The Settings tab configures log storage destinations, retention policies, and external integrations.

Log Destinations**
Select where logs are stored. Multiple destinations can be enabled simultaneously:

Disk: Write logs to local disk storage
OpenSearch: Send logs to the internal OpenSearch instance for indexing and search
Console: Output logs to the application console (stdout)

Retention Policy
Configure how long logs are retained before being automatically purged. Available options are loaded from the server and typically include: 7 Days, 15 Days, 30 Days, 60 Days, and 90 Days.

Rotation Strategy
Configure how frequently log files are rotated. Available options are loaded from the server and typically include: Hourly, Daily, and Weekly.
Click Save Settings to apply the destination, retention, and rotation configuration.

External Integrations
Forward logs to external observability platforms. Each integration can be independently configured, enabled, and disabled.

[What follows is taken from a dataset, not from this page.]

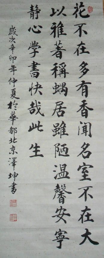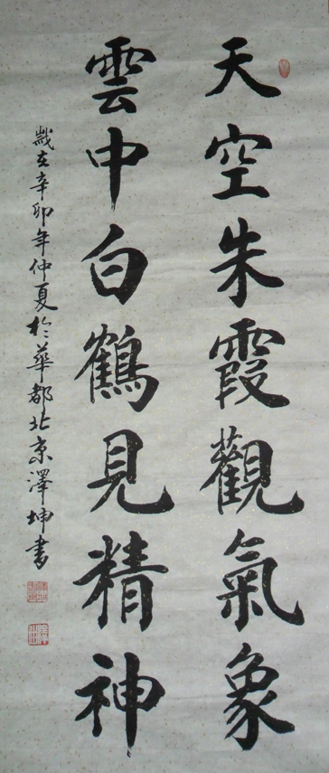 字泽坤。号兴鑫 从小酷爱书法,中年时期,临,古帖颜。柳,欧,赵,楷书为根基 后拜师书法名家,张易生,姜广业为师,92年,中央美院进修三年参加 过全国大型书画比赛,深爱书法名家好评,现任中国诗酒文化诗书画院院士。
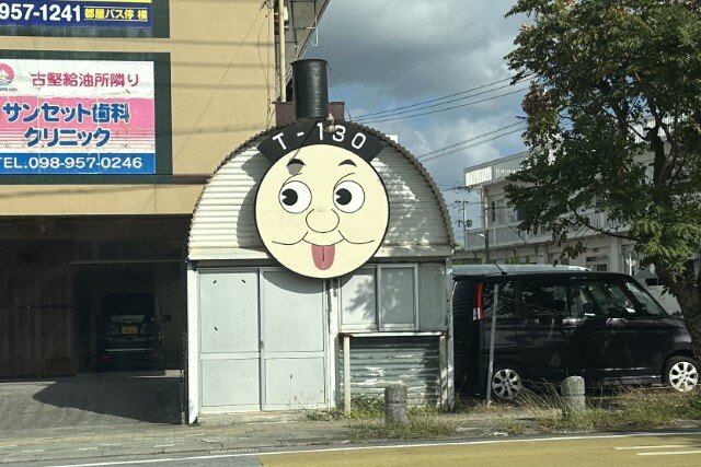 あと、ネーブルカデナじゃないんですが、駐車場の出口にあるトーマスみたいなやつも気になります。こちらも情報をお待ちの方がいればぜひ。

Splunk: Endpoint URL, HEC Token, Index name
Datadog: API Key, Site (e.g., datadoghq.com), Service name
CloudWatch: AWS Access Key ID, Secret Access Key, Region, Log Group Name
Amazon OpenSearch Service: Endpoint, Region, Auth Type (IAM with Access Key/Secret, or Basic Auth with Username/Password)
Elastic Cloud: Auth Type: Cloud ID + API Key, Endpoint + API Key, or Basic Auth (Endpoint + Username/Password)

● Each integration shows its current status (Enabled or Disabled).
● Enabled integrations display a Disable button and a Reconfigure button.
● Disabled integrations display a Configure button that opens a configuration modal.
● The configuration modal provides input fields specific to each integration and an Enable/Update button to save.